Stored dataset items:
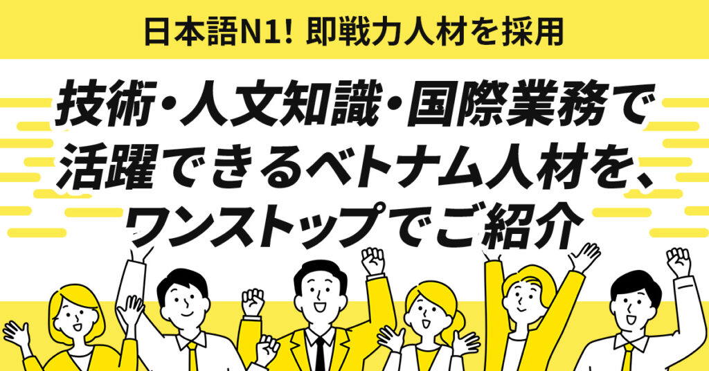 日本語N1!即戦力人材を採用ー技術・人文知識・国際業務で活躍できるベトナム人材を、ワンストップでご紹介ー
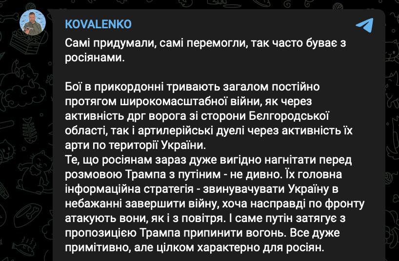 "Самі вигадали, самі перемогли. Бої у прикордонних продовжуються в цілому постійно протягом широкомасштабної війни, як через активність інших ворогів з боку Білгородської області, так і артилерійські дуелі через активність їхньої арти територією України", - написав голова "Центру боротьби з дезінформацією".
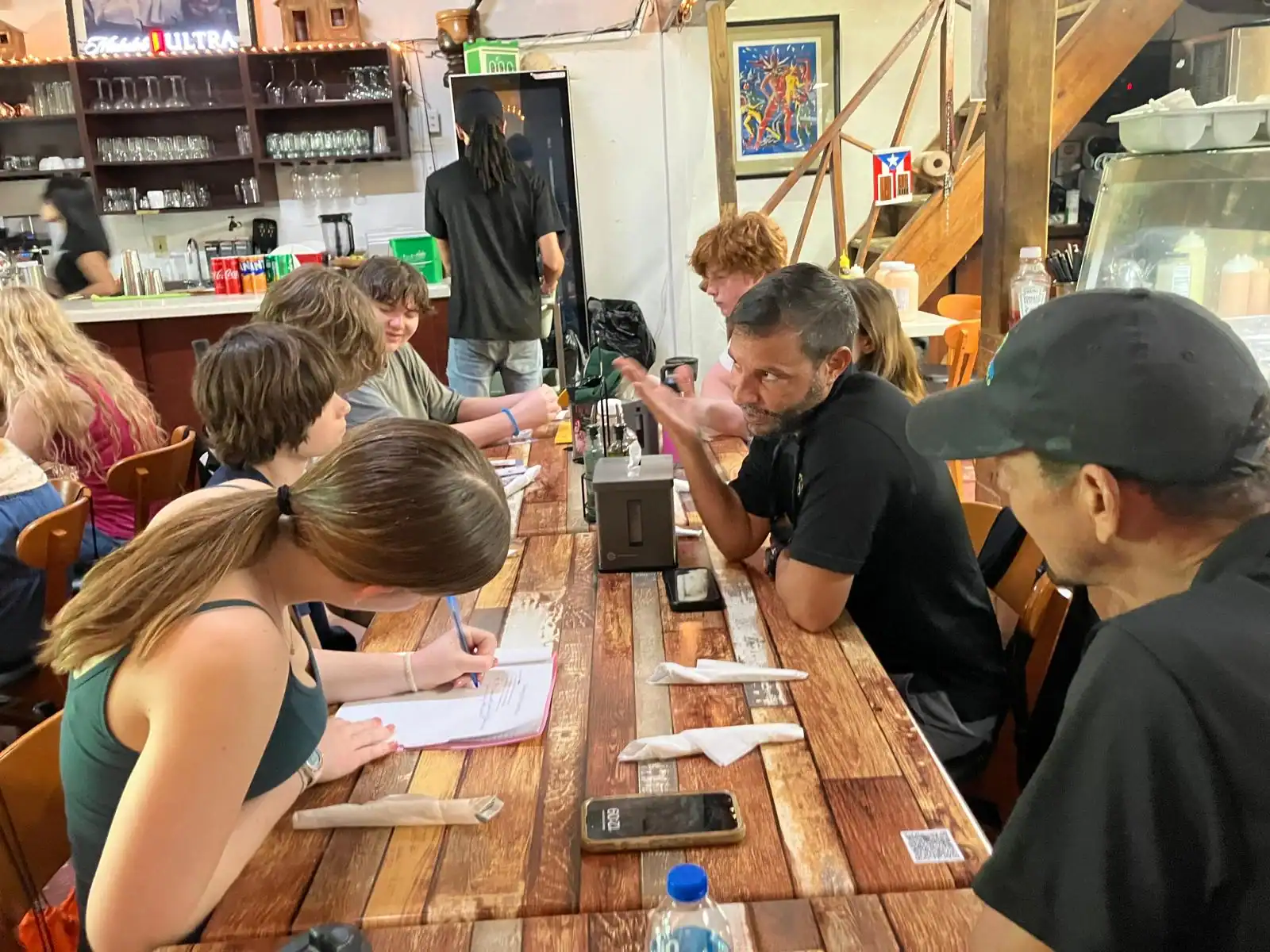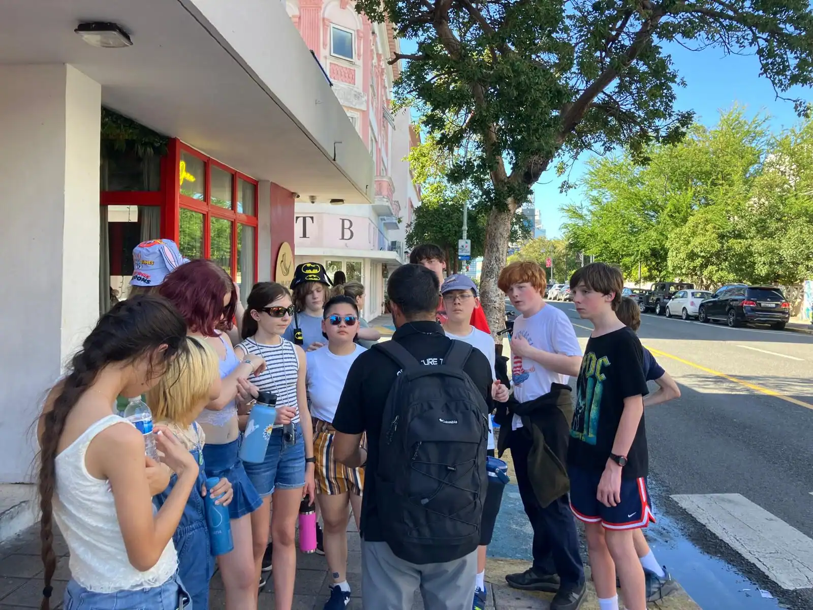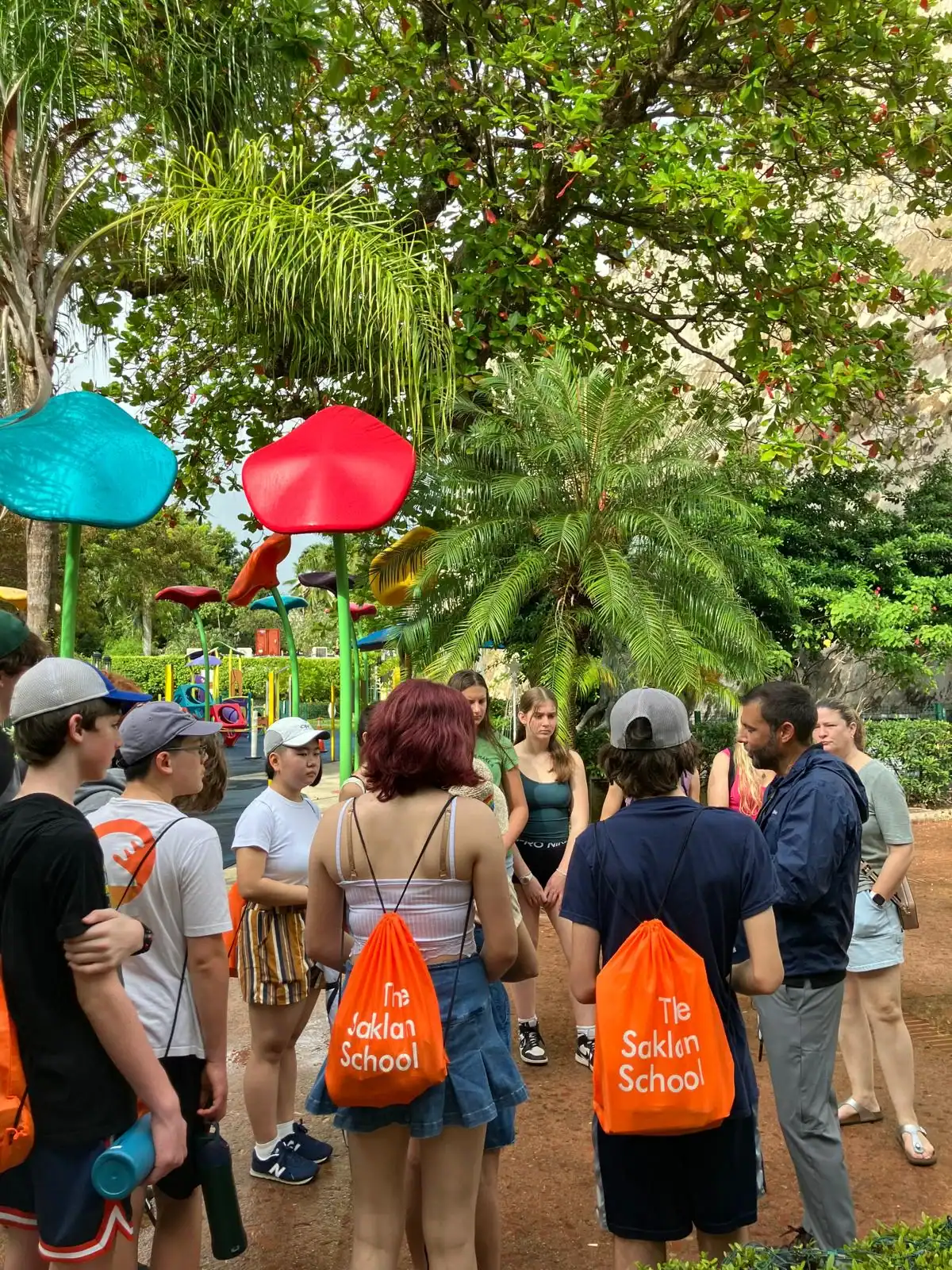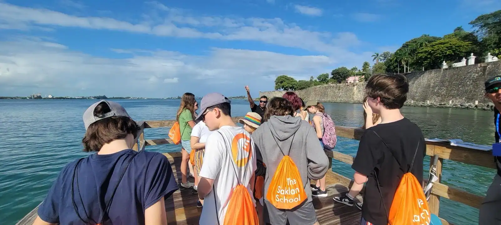Today was a great start to our Puerto Rico trip! We began the day with a delicious breakfast and then set out to explore Old San Juan. We walked along the blue cobblestone streets and observed historic monuments such as churches, statues and fortresses. El Morro was one of the fortresses that we visited, and it had a gorgeous view of the ocean, many tunnels and staircases, and great spots for photos. Next, we walked among the colorful buildings of Old San Juan to get to our lunch restaurant. We ate tasty Puerto Rican cuisine before exploring the local shops to buy souvenirs. Some of the souvenirs that we bought included sweatshirts, jewelry, bucket hats with ears that move, t-shirts, and some local instruments. We also stopped at one of the narrowest houses in the world, which is only five feet across the entire way back!
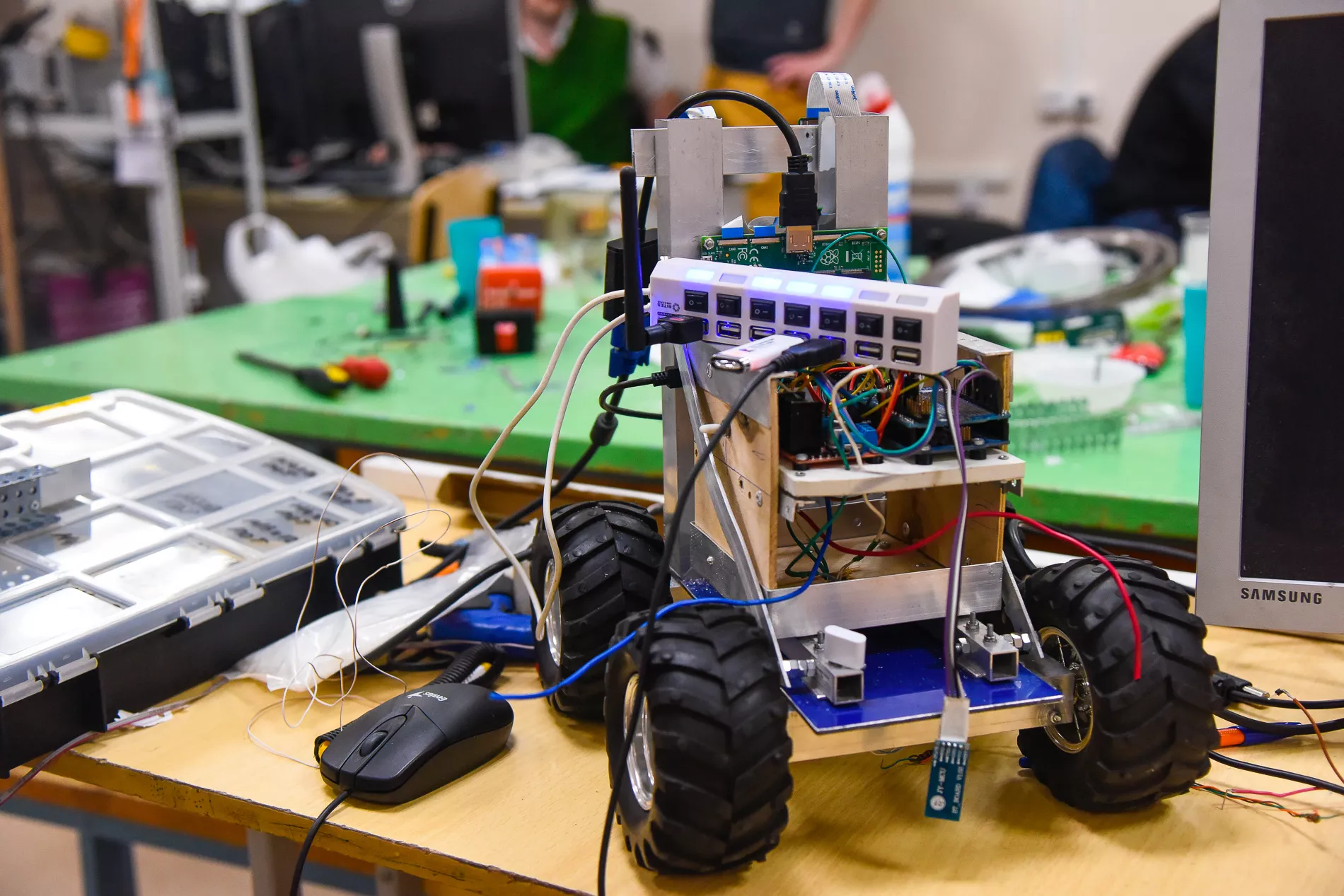 — Наш первый робот был притащен мной из дома и представлял из себя набор микроконтроллеров и моторчиков, собранных на кусках пластика, оставшегося от какого-то рекламного баннера. С этой конструкцией мы поехали на международный фестиваль робототехники «Робофинист» в Санкт-Петербурге и сразу там что-то выиграли. Тогда же мы пригласили коллег из СпбГУ, которые провели для наших студентов недельную школу по робототехнике, где люди смогли почувствовать свою власть над железом, понять, как, благодаря простому набору действий, оно оживает и начинает выполнять какие-то сформулированные заранее задачи. Это дает хорошие ощущения и приносит удовлетворение людям, которые пришли заниматься техническими науками.
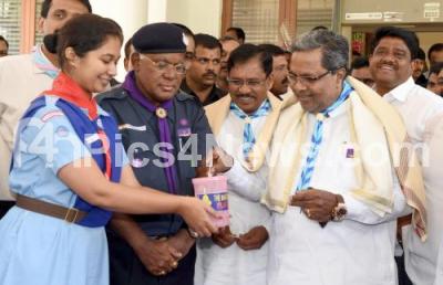 Photo Caption : Chief Minister Siddaramaiah released stamps to commemorate the Foundation Day of the Bharat Scouts and Guides, also seen are Home Minister Dr G Parameshwar and PGR Sindhiya, State Chief Commissioner for Bharat Scouts and Guides and others, in Bengaluru on Saturday 7th November 2015

# [PROBLEM DESCRIPTION]
Would you please restate the records word for word, excluding any images?

# [SOLUTION]
 日本語N1!即戦力人材を採用ー技術・人文知識・国際業務で活躍できるベトナム人材を、ワンストップでご紹介ー
 "Самі вигадали, самі перемогли. Бої у прикордонних продовжуються в цілому постійно протягом широкомасштабної війни, як через активність інших ворогів з боку Білгородської області, так і артилерійські дуелі через активність їхньої арти територією України", - написав голова "Центру боротьби з дезінформацією".
Today was a great start to our Puerto Rico trip! We began the day with a delicious breakfast and then set out to explore Old San Juan. We walked along the blue cobblestone streets and observed historic monuments such as churches, statues and fortresses. El Morro was one of the fortresses that we visited, and it had a gorgeous view of the ocean, many tunnels and staircases, and great spots for photos. Next, we walked among the colorful buildings of Old San Juan to get to our lunch restaurant. We ate tasty Puerto Rican cuisine before exploring the local shops to buy souvenirs. Some of the souvenirs that we bought included sweatshirts, jewelry, bucket hats with ears that move, t-shirts, and some local instruments. We also stopped at one of the narrowest houses in the world, which is only five feet across the entire way back!
 — Наш первый робот был притащен мной из дома и представлял из себя набор микроконтроллеров и моторчиков, собранных на кусках пластика, оставшегося от какого-то рекламного баннера. С этой конструкцией мы поехали на международный фестиваль робототехники «Робофинист» в Санкт-Петербурге и сразу там что-то выиграли. Тогда же мы пригласили коллег из СпбГУ, которые провели для наших студентов недельную школу по робототехнике, где люди смогли почувствовать свою власть над железом, понять, как, благодаря простому набору действий, оно оживает и начинает выполнять какие-то сформулированные заранее задачи. Это дает хорошие ощущения и приносит удовлетворение людям, которые пришли заниматься техническими науками.
 Photo Caption : Chief Minister Siddaramaiah released stamps to commemorate the Foundation Day of the Bharat Scouts and Guides, also seen are Home Minister Dr G Parameshwar and PGR Sindhiya, State Chief Commissioner for Bharat Scouts and Guides and others, in Bengaluru on Saturday 7th November 2015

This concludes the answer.